Instructions for the task = Every line of the listing below should come back exactly as written, with no images.

Collected data =

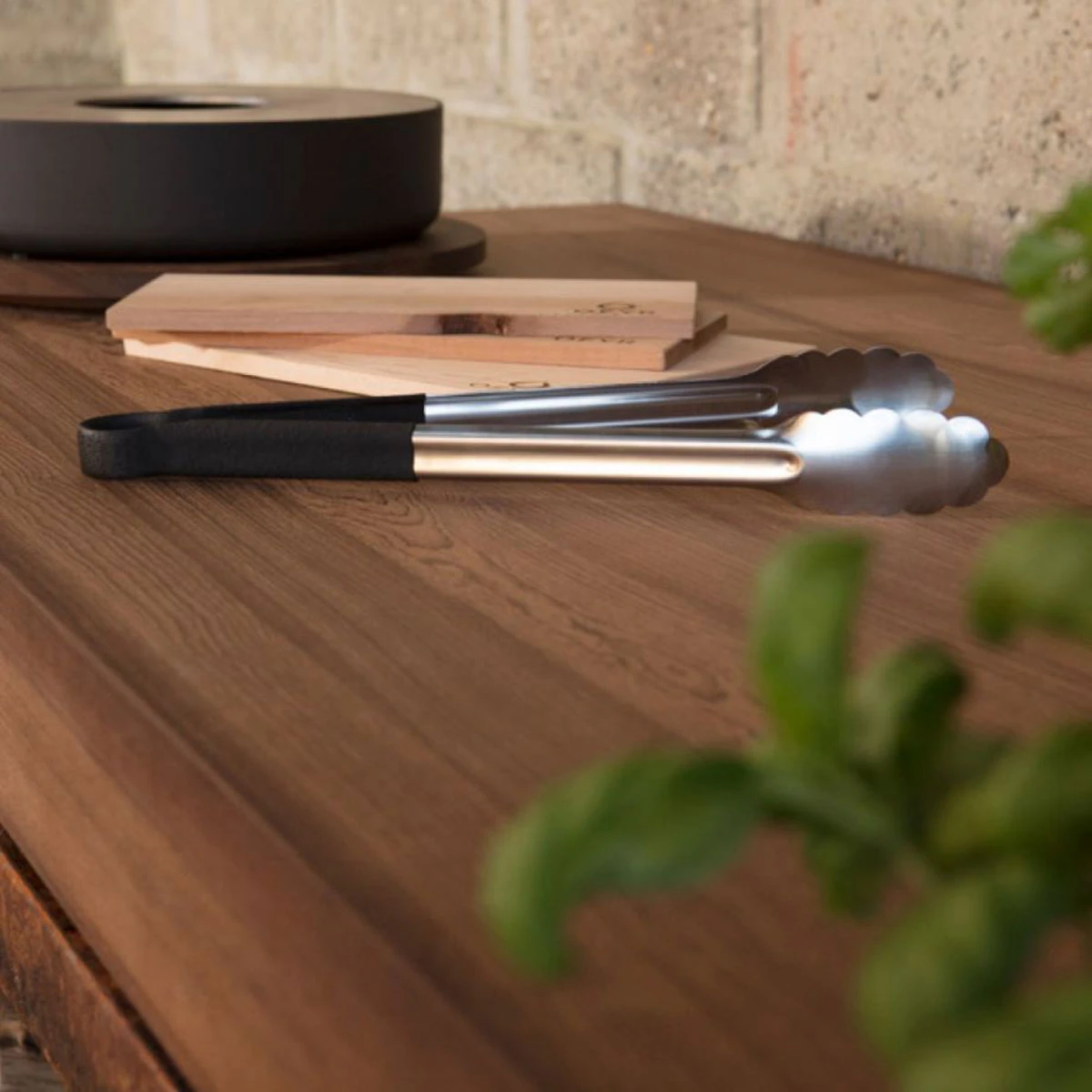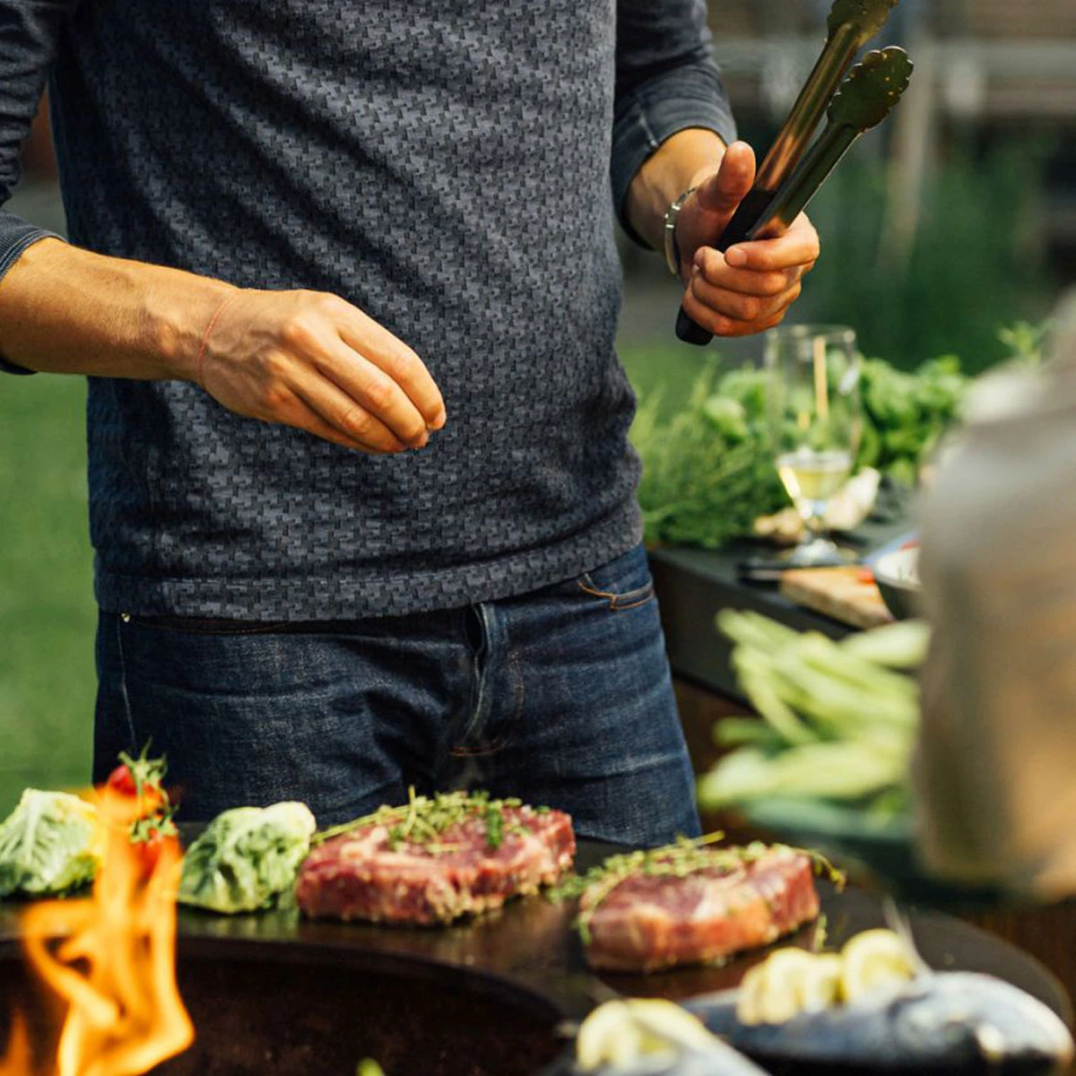 Alles im Griff an der Grillstation: Die OFYR Grillzange aus robustem Edelstahl ist mit ihrer das ideale Werkzeug, um an Planchas und Feuerplatten zu arbeiten. Vor allem im Zusammenspiel mit einem Grillspachtel spielt die OFYR Grillzange auf der Feuerplatte ihre Vorteile aus und sorgt für ein komfortables Drehen, Wenden und Servieren.
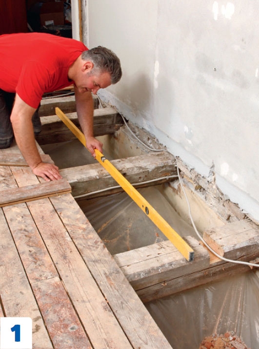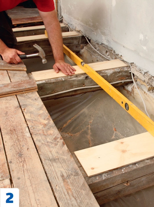 Suora ja luja alusta on hyvän puulattian perus edellytys. Ellet halua höylätä vanhoja palkkeja, voit oikaista lattian korkeimman kohdan mukaan. Varmista, että ovet mahtuvat avautumaan. Lattian voi oikaista monella tapaa. Tässä käytetään vaneria ja pahvia.
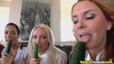 Учиться никогда не поздно, а совершенствовать свои навыки и вовсе не стоит стесняться. три очаровательные телочки пришли на мастер класс по теме "как правильно удовлетворять мужчину и доставлять ему огромное удовольствие".Рыжеволосая руководительница показала девушкам один хитрый и действенный способ на примере огурца. А после девушки смогли опробовать этот прием на настоящем члене. Милашки отсосали мужику и быстро довели счастливчика до оргазма.

Task response =
 Alles im Griff an der Grillstation: Die OFYR Grillzange aus robustem Edelstahl ist mit ihrer das ideale Werkzeug, um an Planchas und Feuerplatten zu arbeiten. Vor allem im Zusammenspiel mit einem Grillspachtel spielt die OFYR Grillzange auf der Feuerplatte ihre Vorteile aus und sorgt für ein komfortables Drehen, Wenden und Servieren.
 Suora ja luja alusta on hyvän puulattian perus edellytys. Ellet halua höylätä vanhoja palkkeja, voit oikaista lattian korkeimman kohdan mukaan. Varmista, että ovet mahtuvat avautumaan. Lattian voi oikaista monella tapaa. Tässä käytetään vaneria ja pahvia.
 Учиться никогда не поздно, а совершенствовать свои навыки и вовсе не стоит стесняться. три очаровательные телочки пришли на мастер класс по теме "как правильно удовлетворять мужчину и доставлять ему огромное удовольствие".Рыжеволосая руководительница показала девушкам один хитрый и действенный способ на примере огурца. А после девушки смогли опробовать этот прием на настоящем члене. Милашки отсосали мужику и быстро довели счастливчика до оргазма.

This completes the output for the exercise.